There is no ill will towards David, and I hope he takes none! But still this is a pretty common argument on the internet. One that I all too often see from many others like David, this is supposed to be serious and almost a justification for piracy. Here I have tried to debunk claims with some sensible arguments, and I hope I have shown this!

Another view of game piracy

201 comments By David Rosen on May 6th, 2010

We’ve been hearing a lot about game piracy recently, with big developers inflicting draconian online-only DRM systems on their users, and blaming their declining PC game sales entirely on piracy. I’m not questioning that piracy is common, since even honest, DRM-free, indie developers like 2DBoy[1] report a 90% piracy rate. I am, however, questioning what this means. How much revenue are developers actually losing to piracy?

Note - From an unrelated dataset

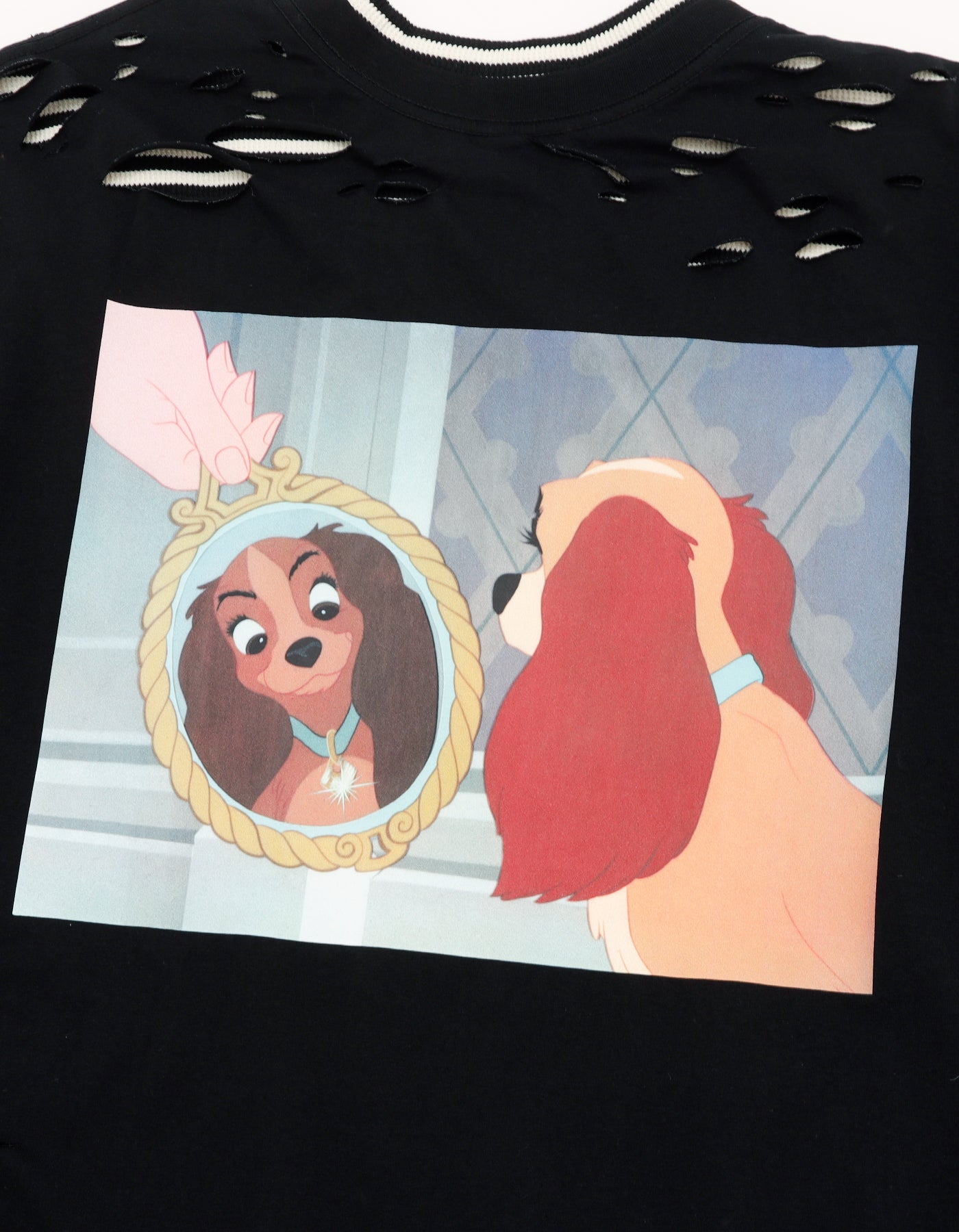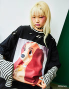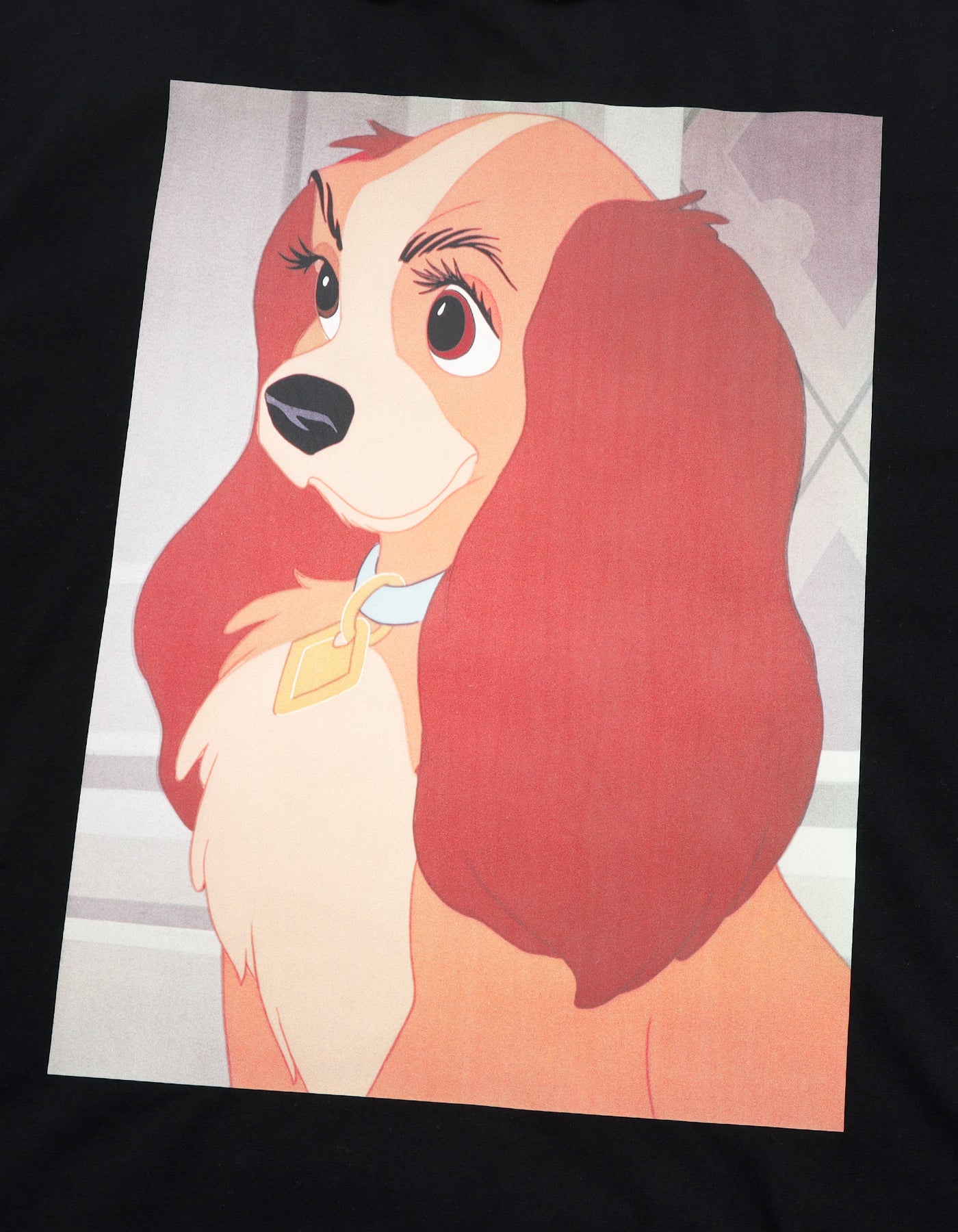 A layered-style long T-shirt with a large print of Lady from the 1955 classic "Lady and the Tramp" that makes a statement.

It’s not about the declining PC sales; it’s that the profit margins are so small that it doesn’t make sense to release to the PC markets. This is the cause of piracy, to reduce a small market even further, to the point where publishers no longer see it as a viable option! Remember all companies are businesses first and PC gaming publishers second! That’s how they make their money, and it’s all about money!

The common industry assumption is that developers are losing 90% of their revenue. That is, pirates would have bought every single game that they downloaded. From personal experience, I know this is not possible — most pirates that I’ve met have downloaded enough software to exceed their entire lifetime income, were they to have paid for it all. A more plausible (but still overly optimistic) guess is that if piracy was stopped the average pirate would behave like an average consumer.

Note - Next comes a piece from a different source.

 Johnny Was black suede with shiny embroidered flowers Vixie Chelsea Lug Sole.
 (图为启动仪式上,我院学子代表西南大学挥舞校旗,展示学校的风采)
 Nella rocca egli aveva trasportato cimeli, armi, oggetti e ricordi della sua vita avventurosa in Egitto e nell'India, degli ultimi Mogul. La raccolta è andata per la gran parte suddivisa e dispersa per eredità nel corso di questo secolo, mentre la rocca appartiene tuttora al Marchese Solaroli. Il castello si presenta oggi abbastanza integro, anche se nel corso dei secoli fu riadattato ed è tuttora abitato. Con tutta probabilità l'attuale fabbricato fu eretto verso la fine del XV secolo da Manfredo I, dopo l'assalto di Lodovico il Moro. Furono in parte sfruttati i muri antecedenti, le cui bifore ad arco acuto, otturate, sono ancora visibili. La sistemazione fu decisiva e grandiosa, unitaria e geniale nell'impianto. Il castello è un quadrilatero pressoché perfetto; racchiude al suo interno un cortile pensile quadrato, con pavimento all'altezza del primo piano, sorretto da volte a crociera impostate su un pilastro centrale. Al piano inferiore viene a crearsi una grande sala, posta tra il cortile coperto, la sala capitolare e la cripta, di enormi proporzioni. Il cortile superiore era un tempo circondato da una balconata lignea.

No, this isn’t a common assumption, and you have taken the 90% from one estimate and applied it across the board! Like saying 90% of Toyotas never break down, so 90% of Fords never break down either.

In fact people who always use this claim, “That one illegal copy doesn’t equal one legal sale” are illegal downloaders or Pro-Torrents. While I do agree that most pirates are gluttons. That some even download vast amounts because they can, and not because they have the intention to steal or even buy. However, if I had to bet, I would say that pirates would buy “like an average consumer” if they stopped downloading PC Games.

Let’s be honest, if you used this excuse, your mom would clip your ear and tell you to “Stop acting so childish!” And it’s true, if we continue to illegally download, and it’s gotten to record numbers, what can we expect from PC Publishers? Why would you want to start a business where you product will be taken off you, and you have no control over it?

This means that to calculate the worst-case scenario of how much money is lost to piracy, we just need to figure out what percentage of the target market consists of pirates. For example, if 50% of the market is pirates, that means that it’s possible that you’ve lost 50% of your revenue to piracy. So how do we calculate what percentage of the market consists of pirates? Do we just go with 90%?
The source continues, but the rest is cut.